Adalet Sabit’s daughter has never met her father. The government of the People’s Republic of China confiscated her husband’s passport and refused to let him leave Xinjiang, where Uyghurs live in a state of constant surveillance.
Sabit says her video calls to her husband are denied and she doesn’t know if the pictures she sends are received. Raising a child alone in the United States, Sabit preserves her culture as best she can, teaching her daughter the songs she learned to love as a traditional Uyghur dancer.
“Step by step I am teaching her my language,” Sabit told the State Department’s Voices of Xinjiang project. “I share with her Uyghur songs and dance.” In June, Voices of Xinjiang highlighted the stories of seven Uyghurs whose relatives suffer under the PRC’s repressive policies.
Gulchehra Hoja hasn’t heard from 24 of her relatives since authorities in Xinjiang arrested and imprisoned them on January 31, 2018. “The [Chinese Communist Party] is trying to stamp out our culture, our language, our lifestyle,” said Hoja, who left Xinjiang in 2001 to work as a journalist in the United States. “The responsibility of being Uyghur is to keep it all alive,” she told Voices of Xinjiang.
Last week we shared the stories of Uyghurs around the world whose loved ones are incommunicado, imprisoned, or living in the high-tech surveillance state that Xinjiang has become. Read all seven stories here.
Join us in uplifting the #VoicesOfXinjiang, and share your story too. pic.twitter.com/eNBOXRBjbE
— Bureau of Democracy, Human Rights, and Labor (@StateDRL) June 21, 2021
Since 2017, the PRC has imprisoned more than 1 million Uyghurs, who are predominantly Muslim, and members of other ethnic and religious minority groups in Xinjiang. Many are forced to work. Some endure torture. Even outside the camps, Uyghurs live under constant surveillance and are often unable to contact relatives outside Xinjiang.
The United States has sanctioned PRC officials responsible for violating the rights of Uyghurs and others. The U.S. government also blocks goods it has reason to believe were made with forced labor in Xinjiang from entering the United States in an effort to deter the practice.
On July 6, Secretary of State Antony Blinken met with Uyghur survivors of PRC detention camps and vowed to continue working with partner nations to stop the PRC’s genocide and crimes against humanity.
“The U.S. stands in solidarity with the individuals who have suffered from the People’s Republic of China government’s atrocities in Xinjiang,” Blinken said after the meeting. “We will always pursue justice for them and their families.”

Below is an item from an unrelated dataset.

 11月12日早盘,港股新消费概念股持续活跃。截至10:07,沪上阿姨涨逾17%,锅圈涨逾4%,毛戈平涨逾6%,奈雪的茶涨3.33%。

Huge thanks to @SecBlinken for a very constructive roundtable today. We appreciate his leadership on action to end the Uyghur genocide, especially coordinated sanctions and the G-7 commitment on Uyghur forced labor in global supply chains.

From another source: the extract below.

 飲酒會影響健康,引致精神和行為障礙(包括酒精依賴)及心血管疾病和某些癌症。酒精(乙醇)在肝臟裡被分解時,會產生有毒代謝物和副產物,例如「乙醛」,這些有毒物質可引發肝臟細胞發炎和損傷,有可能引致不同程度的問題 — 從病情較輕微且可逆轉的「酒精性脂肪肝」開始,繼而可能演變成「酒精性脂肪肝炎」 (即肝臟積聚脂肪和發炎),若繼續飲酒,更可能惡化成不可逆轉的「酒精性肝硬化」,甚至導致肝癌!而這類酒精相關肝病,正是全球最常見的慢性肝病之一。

https://t.co/gRKpErfrfV— Omer Kanat (@Omerkanat1) July 7, 2021
Subi Mamat Yuksel told Voices of Xinjiang that she often wondered why her father, Mamat Abdullah, was arrested. The 73-year-old former government worker was charged with “separatism” and “abuse of power.” But Yuksel later learned Abdullah was convicted of being “a well-respected Uyghur man.”
“People like my father are in prison for years without any reason. Just for who they are, just because they are Uyghurs,” Yuksel said. “Not a single human being should be put into life in prison without a fair, transparent trial.”